Resolution: My dinner table will see more home cooked meals during the week. And by home cooked I mean, from scratch. No box of dinner that requires adding some butter and milk to boiling water. No peel back celophane on a dish that is placed in the microwave. Home Cooked. By me. With raw ingredients. And I will require the family to eat it Together. At the table. At the same time. At least the kids and I since Tim doesn't usually see the dinner table until the kids are sleeping.

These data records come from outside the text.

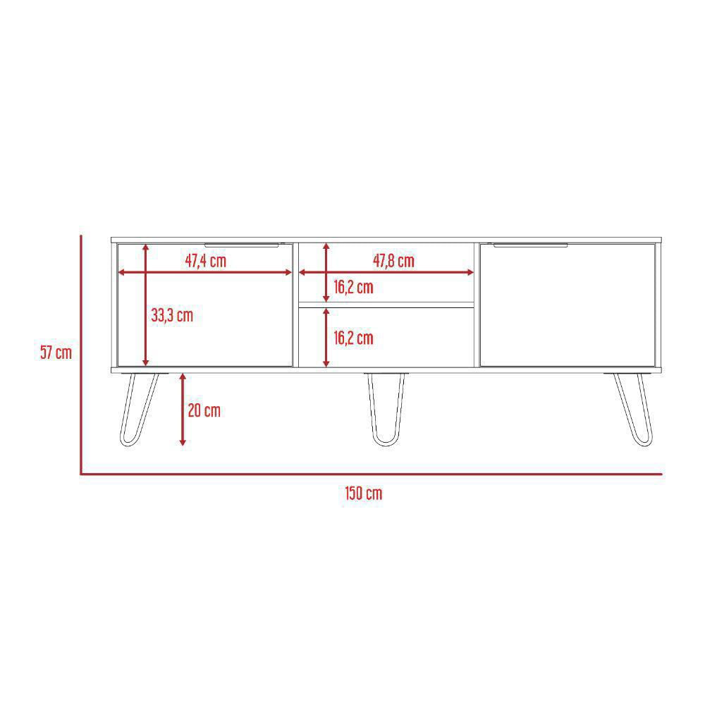 Mesa De Tv Ali, Café Claro Y Wengue, 65 Pulgadas 1 Entrepaño Y 2 Puertas Mai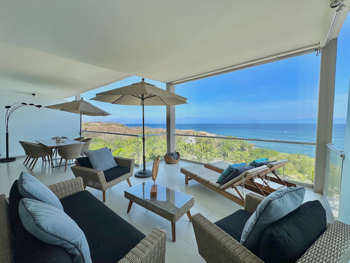 Sumérgete en el lujo y la comodidad en nuestro espectacular departamento beachfront de dos recámaras y dos baños para un máximo de seis huéspedes en Bolongo, Punta Mita. El lujoso apartamento cuenta con una cama King en la recámara principal, la cual tiene acceso directo al balcón y un baño privado dentro. La segunda recámara con dos camas Queen en litera. Todos los niños cuentan como huéspedes sin importar edad, incluidos bebés.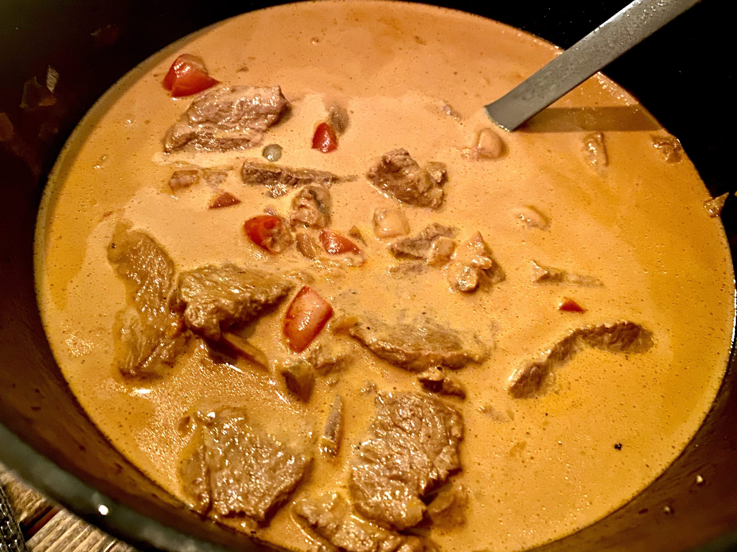 5) Stek sedan köttet på hög värme i ca 45 sek- 1 min på varje sida, ta av från värmen och lägg i en skål. När det är ca 3-4 min kvar på grytan att puttra lägger du i köttet och låter det puttra med. Smaka av med salt och peppar. Sedan är det klart! Vi åt det med ris och det var såååå gott.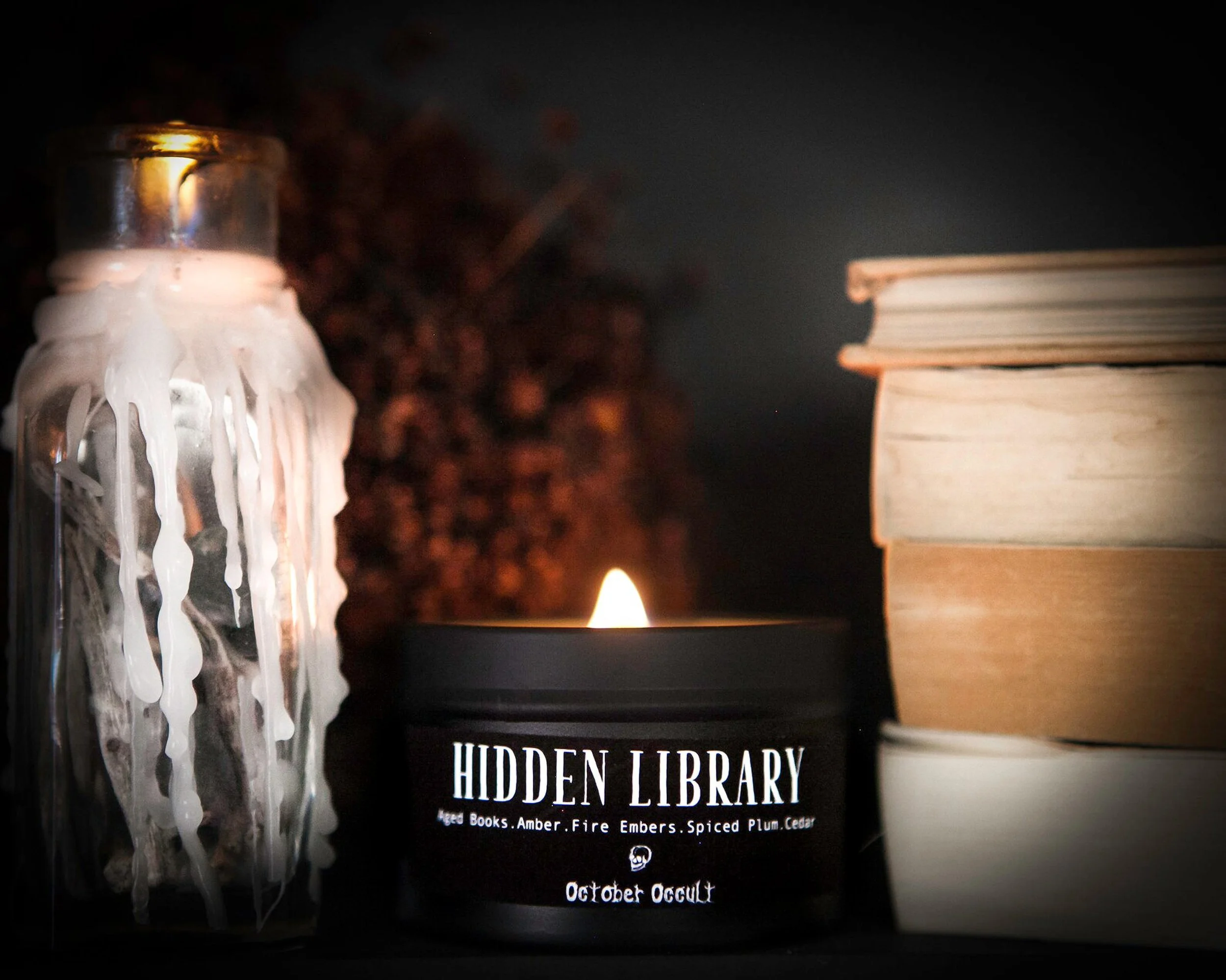 YULE FOLKLORE | Woodwick + Soy Coconut Blend - fir needle, woodsmoke, evergreen, black spruce, myrrh, oakmoss $45.00 Stocking Stuffers Matte Black Candle Tins ~ Set of 4, bulk discount $50.00

NINTH thing you may not know about me: I'm a shopaholic. I love all things shopping (ok, so maybe I am a girly girl). I don't even need to buy... I just love to shop. Some people have a drink to calm their nerves. Some people go for a run to clear their head. I hit the stores. I feel a buzz as I touch the fabrics on the racks. I am energized by the music, the fellow shoppers. It's my zone. Tim (or his wallet) is lucky I don't have time to do it more often. Superficial? Yes. Just speaking the truth.
Resolution: I don't have one. I just needed to get this addiction off my chest.
TENTH thing you may not know about me: I wrote a children's book. Yes. I actually did it. You may recall a story I told in a post a month or so ago about a pair of shoes? You can see it here. I now just need to push it through the "system", whatever system that might be.
Resolution: Move it along and make it happen. I have a whole series in mind so I have to get this first one off the ground.
It's a long list. It's not a complete list. But it's a start. It's a big year 2010. Hannah will turn 5. She will start Kindergarten. Luke will turn 2. He hopefully will learn to SPEAK. And I will have big changes too. Things that will better me for me and for my family. And you'll be here to see it happen!